Review: Taste Wine That’s Been Aged In The Sea At Club Street Wine Room

Chef Andrew Walsh’s new wine bar surprises with its range of niche drops and elevated bar bites.

Review: Taste Wine That’s Been Aged In The Sea At Club Street Wine Room
Club Street Wine Room's sky-lit interior.

The new Club Street Wine Room couldn’t have opened at a better time. It dovetails neatly with the September announcement that chef-owner Andrew Walsh has snagged his first Michelin star for his restaurant, Cure, which reimagines Irish classics with a modern European sensibility.

Walsh’s other restaurants, such as Asian-inspired grill Butcher Boy and modern seafood restaurant Catfish, are mere steps away, while his new Ember Beach Club in One&Only Desaru Coast means his culinary footprint now extends to Malaysia.

“It’s been such a morale boost, after everything,” says Walsh of his Michelin award, summing up the past year which has seen restaurants ping-ponging between open and closed, and grappling with ever-changing social-distancing regulations.

Warm-toned woods and leather seats set the mood at the pared down wine bar.

That may explain why the new Club Street Wine Room’s vibe is so chill. Sure, the space is very Club Street-chic, with its smart leather seating, industrial touches and warm-toned woods that morph from bright to cosily dark with every change in the weather that can be viewed through the large skylight. But the savvy addition of power points at each table underscores Walsh’s mission to create a welcoming environment where guests can have a glass — and get some work done.

Drink To This

Sea Soul No.4, a syrah that was submerged in a steel cage off Spain’s north coast to age for 15 months.

The best seat in the house is definitely at the bar where you can pore over the diverse, idiosyncratic wine collection.

“We wanted something progressive, quirky at times and always evolving,” says head sommelier and operations director Amir Solay, who curated an intriguing off-the-beaten-path selection of wines to pique the curiosity of novice and veteran alike.

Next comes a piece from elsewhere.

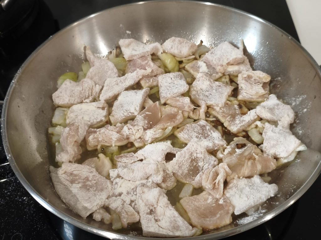 Variante light: si quieres una versión más ligera, puedes evitar la harina y cocinar el pollo directamente con cebolla y un chorrito de aceite.
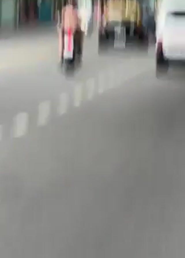 shirtless person riding a black moped down a tree-lined road with other vehicles

“We have your bordeaux, your burgundies, but I try to bring in a few satellite regions,” says Solay, who sources his wines — each of which has a tale behind it — from niche producers all over the world.

There’s a bottle from Les Vignerons Parisiens, Paris’ first urban winery. Next to it stands a sunny-hued bottle from Tarongino, an orange wine that isn’t the trendy skin-contact white wine but is in fact wine made from Valencia oranges.

Wine aged in clay vessels.

Or try amphora-aged wines like Chateau Kefraya Collection Amphora 2018. The practice of ageing wine in clay vessels dates back 6,000 years and is experiencing a renaissance, which Club Street Wine Room pays tribute to by decanting them into customised mini amphorae.

But the most out-of-left-field bottles are the ones that look like they were fished out of a shipwreck. Sea Soul No.4, a syrah, was made and bottled above ground, before being submerged in a steel cage off Spain’s north coast to age for 15 months — decide for yourself whether it beats its landlubber counterparts.

Delightful Bites

Plates at Club Street Wine Room are prepared with a gourmet edge.

While wine is the star, the food turned out by Butcher Boy alum Ho Jun Yip is confidently executed, offering some surprises of its own.

The unexpectedly gourmet addition of guinea fowl confit makes good use of the kitchen’s woodfire grill and is very satisfying to eat, simultaneously juicy, caramelised and charred on embers, with the leg made into an accompanying pithivier (round, domed pie).

These are some pretty elevated bar bites — a Hasselback potato (inspired by an iteration at Catfish) is crisp and creamy, served with a slurry of butter, truffle and roasted black garlic. Two petite triangles of prawn toastie are served, topped with beef tartare and an egg yolk-ponzu dip. The fries cooked in beef fat are simple in concept but belie the work behind them, each neat cuboid comprising lots of crisp, wafer-thin layers. Many of these bites come in convenient single-serve portions.

The cheese platter.

“People come in to hang out and drink wine and they’re like, wow the food’s really good, let’s just have dinner here,” says Walsh.

The Sunday Brunch Affair, meanwhile, plays up the theme of relaxed, wine-fuelled conviviality, says Walsh. The menu — starring British comfort fare like Toad-in-the-Hole and Roast Sirloin — is paired with free-flow Pétillant naturel, or natural sparkling wines.